+++ Exercise materials

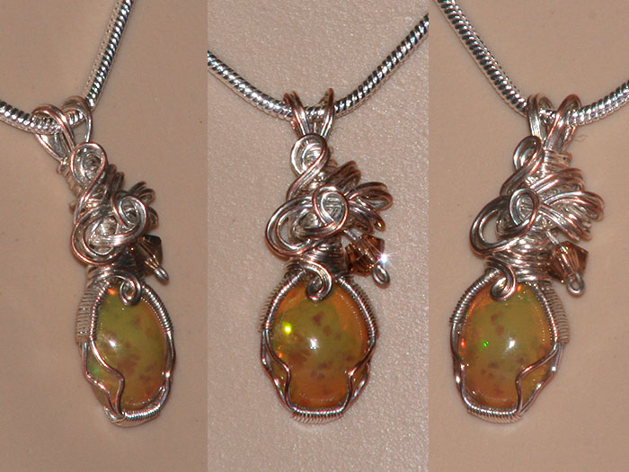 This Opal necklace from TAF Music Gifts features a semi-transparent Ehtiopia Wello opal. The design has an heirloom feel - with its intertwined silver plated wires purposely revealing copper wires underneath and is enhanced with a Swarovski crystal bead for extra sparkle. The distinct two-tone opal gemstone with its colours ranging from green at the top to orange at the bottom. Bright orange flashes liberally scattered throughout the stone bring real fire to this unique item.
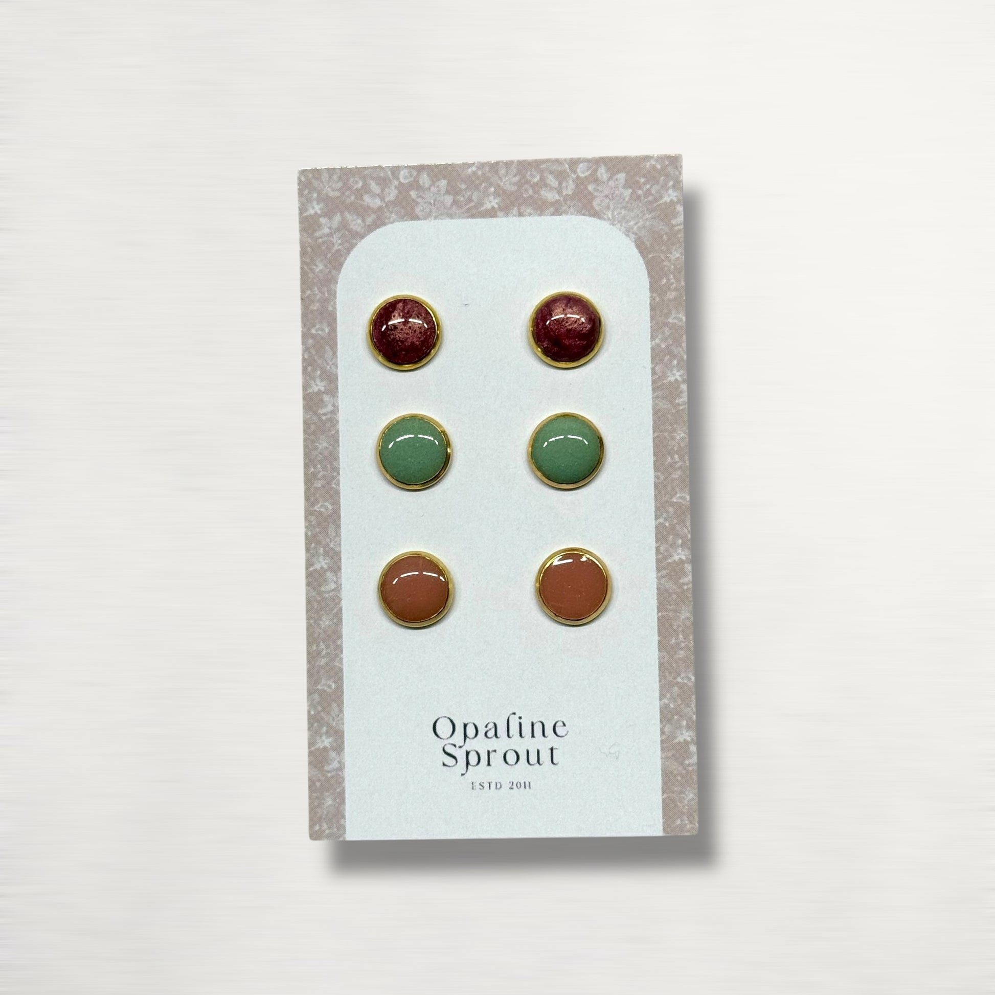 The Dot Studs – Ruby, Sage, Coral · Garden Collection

++++++
+++ Exercise materials

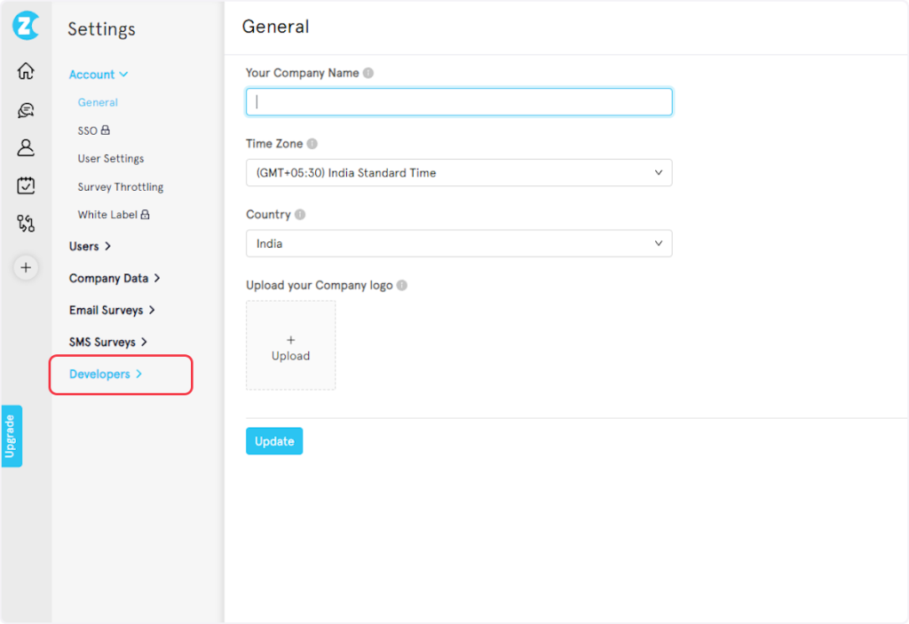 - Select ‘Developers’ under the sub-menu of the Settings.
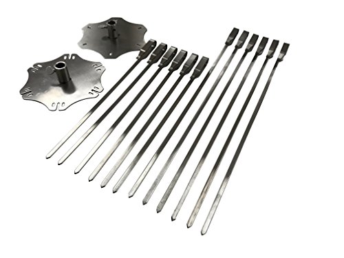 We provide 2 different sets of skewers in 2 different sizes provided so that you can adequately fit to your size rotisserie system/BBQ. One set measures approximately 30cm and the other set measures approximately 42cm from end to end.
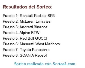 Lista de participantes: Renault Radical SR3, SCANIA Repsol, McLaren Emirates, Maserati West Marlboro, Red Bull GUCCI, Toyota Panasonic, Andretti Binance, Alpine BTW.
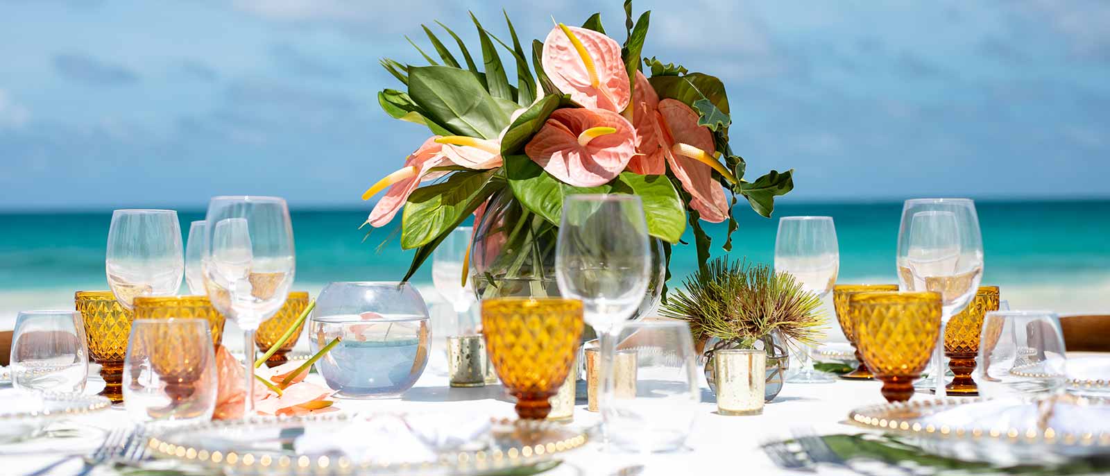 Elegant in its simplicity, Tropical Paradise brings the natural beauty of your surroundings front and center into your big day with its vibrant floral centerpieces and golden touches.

++++++
+++ Exercise materials

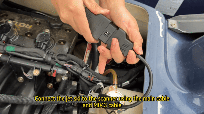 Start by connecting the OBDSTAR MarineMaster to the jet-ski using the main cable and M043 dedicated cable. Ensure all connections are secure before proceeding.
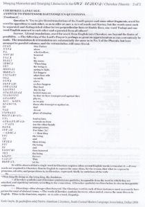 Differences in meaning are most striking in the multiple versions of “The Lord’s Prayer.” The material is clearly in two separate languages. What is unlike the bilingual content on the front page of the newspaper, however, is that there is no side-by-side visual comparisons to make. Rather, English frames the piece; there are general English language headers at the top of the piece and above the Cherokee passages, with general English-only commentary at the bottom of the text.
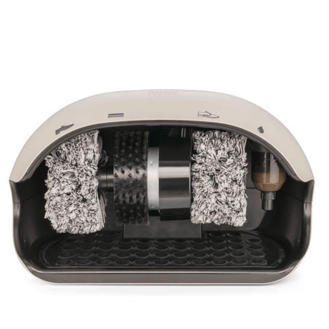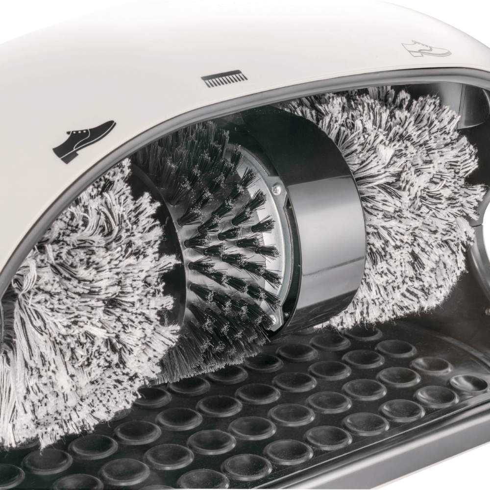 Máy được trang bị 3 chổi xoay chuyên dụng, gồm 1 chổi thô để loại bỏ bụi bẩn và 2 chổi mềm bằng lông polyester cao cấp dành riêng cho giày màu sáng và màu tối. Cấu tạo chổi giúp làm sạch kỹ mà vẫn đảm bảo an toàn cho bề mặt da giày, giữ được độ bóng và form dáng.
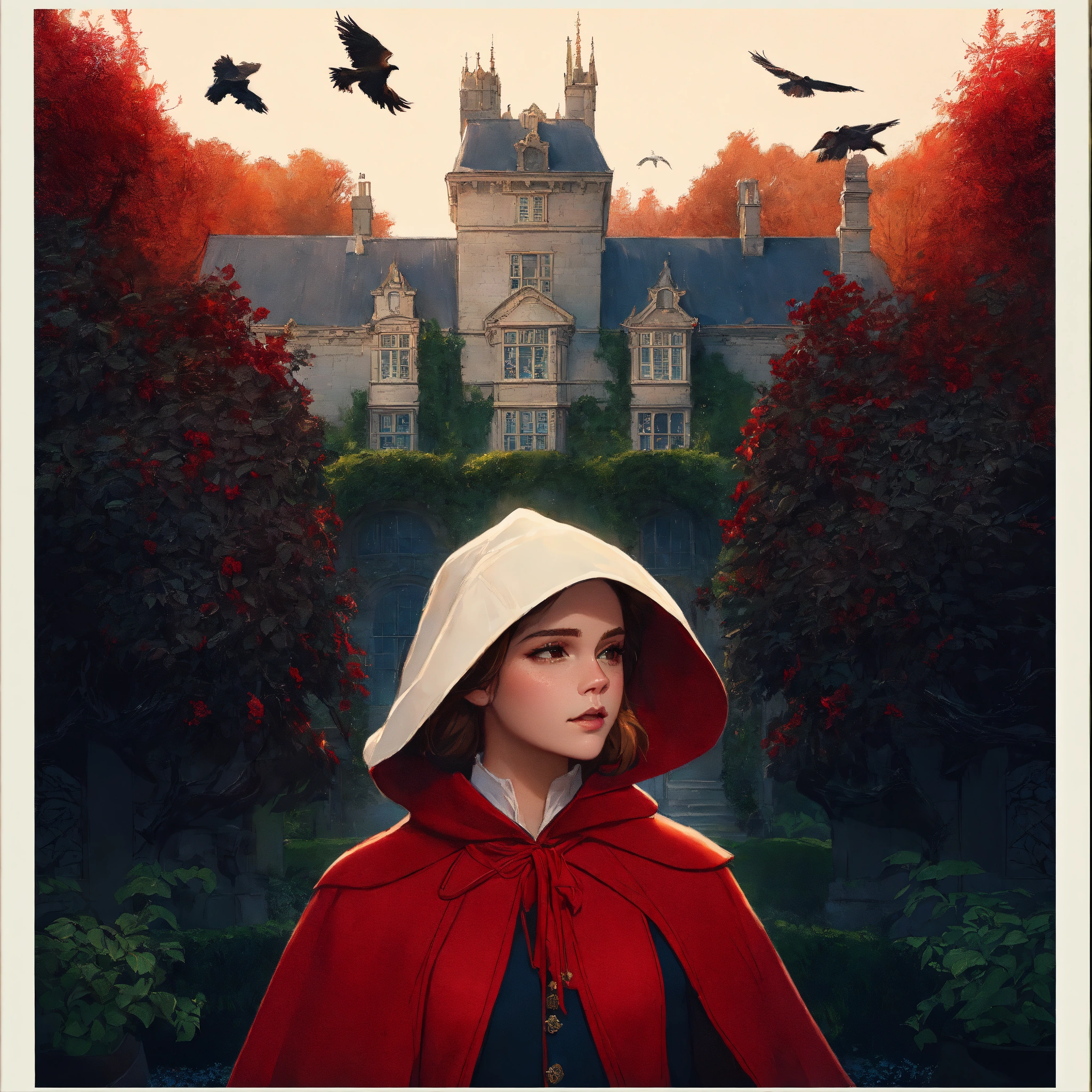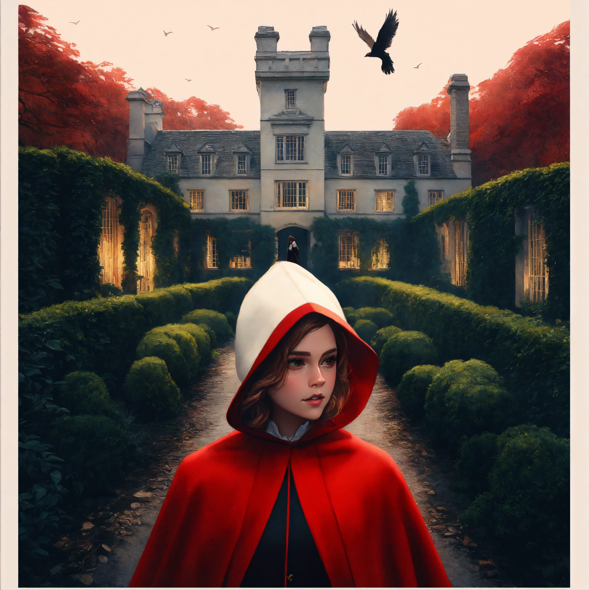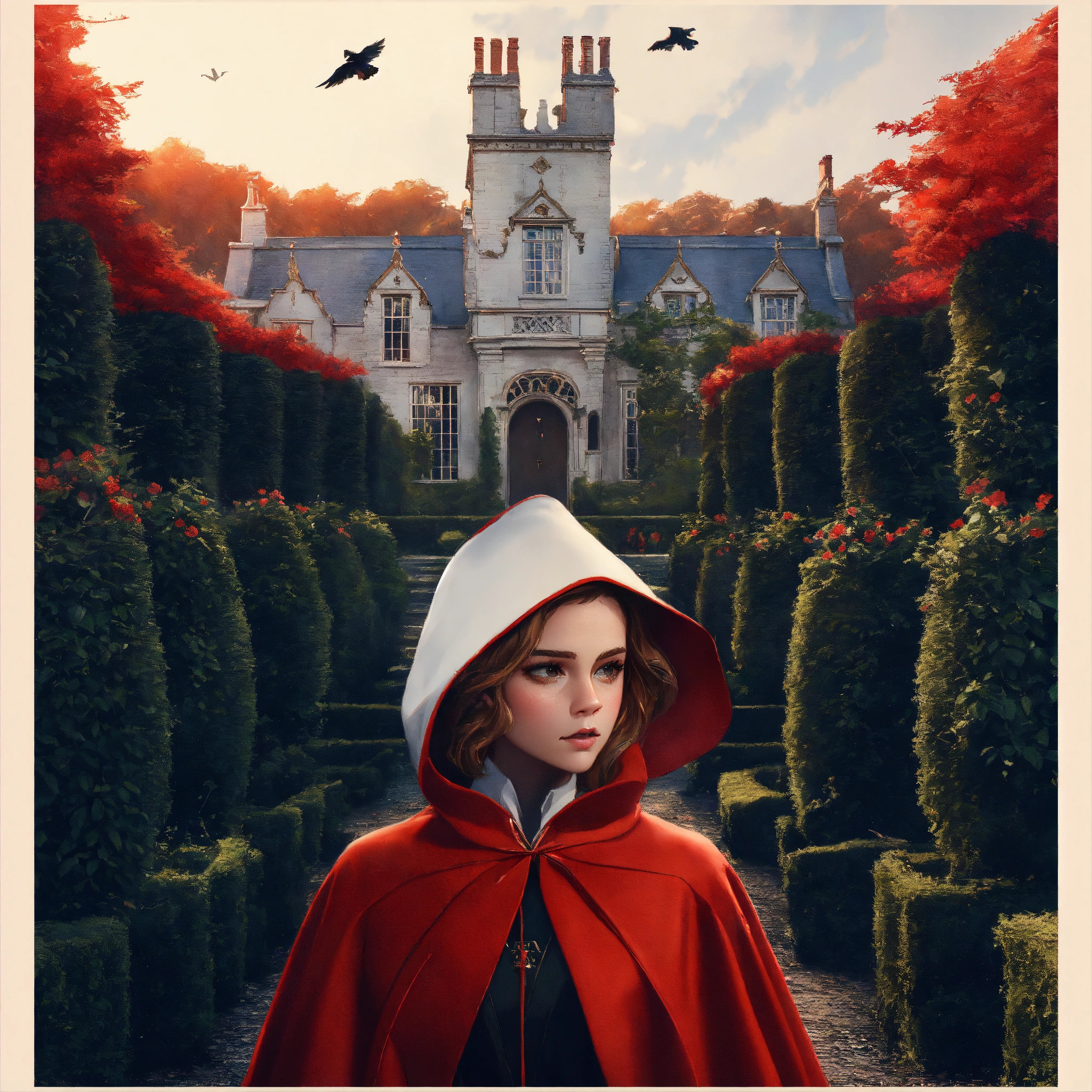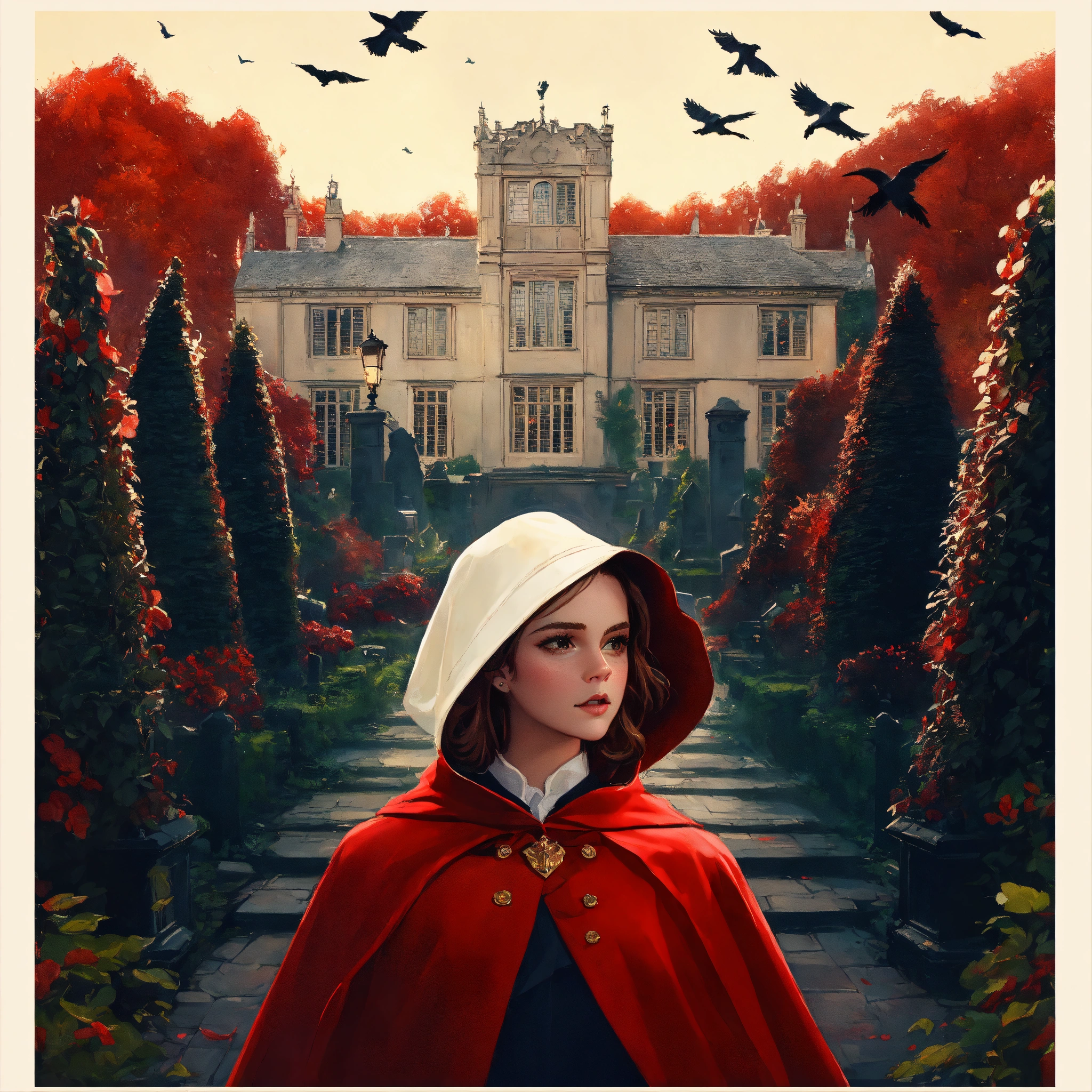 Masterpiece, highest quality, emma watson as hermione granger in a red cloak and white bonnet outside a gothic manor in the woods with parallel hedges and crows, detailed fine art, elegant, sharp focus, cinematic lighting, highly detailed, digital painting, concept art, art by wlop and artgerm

++++++

The lines to set down run from the line with "Differences in meaning" up to and including the line with "Masterpiece, highest quality, emma" in the entries above. Reproduce them exactly, with no pictures.

 Differences in meaning are most striking in the multiple versions of “The Lord’s Prayer.” The material is clearly in two separate languages. What is unlike the bilingual content on the front page of the newspaper, however, is that there is no side-by-side visual comparisons to make. Rather, English frames the piece; there are general English language headers at the top of the piece and above the Cherokee passages, with general English-only commentary at the bottom of the text.
 Máy được trang bị 3 chổi xoay chuyên dụng, gồm 1 chổi thô để loại bỏ bụi bẩn và 2 chổi mềm bằng lông polyester cao cấp dành riêng cho giày màu sáng và màu tối. Cấu tạo chổi giúp làm sạch kỹ mà vẫn đảm bảo an toàn cho bề mặt da giày, giữ được độ bóng và form dáng.
 Masterpiece, highest quality, emma watson as hermione granger in a red cloak and white bonnet outside a gothic manor in the woods with parallel hedges and crows, detailed fine art, elegant, sharp focus, cinematic lighting, highly detailed, digital painting, concept art, art by wlop and artgerm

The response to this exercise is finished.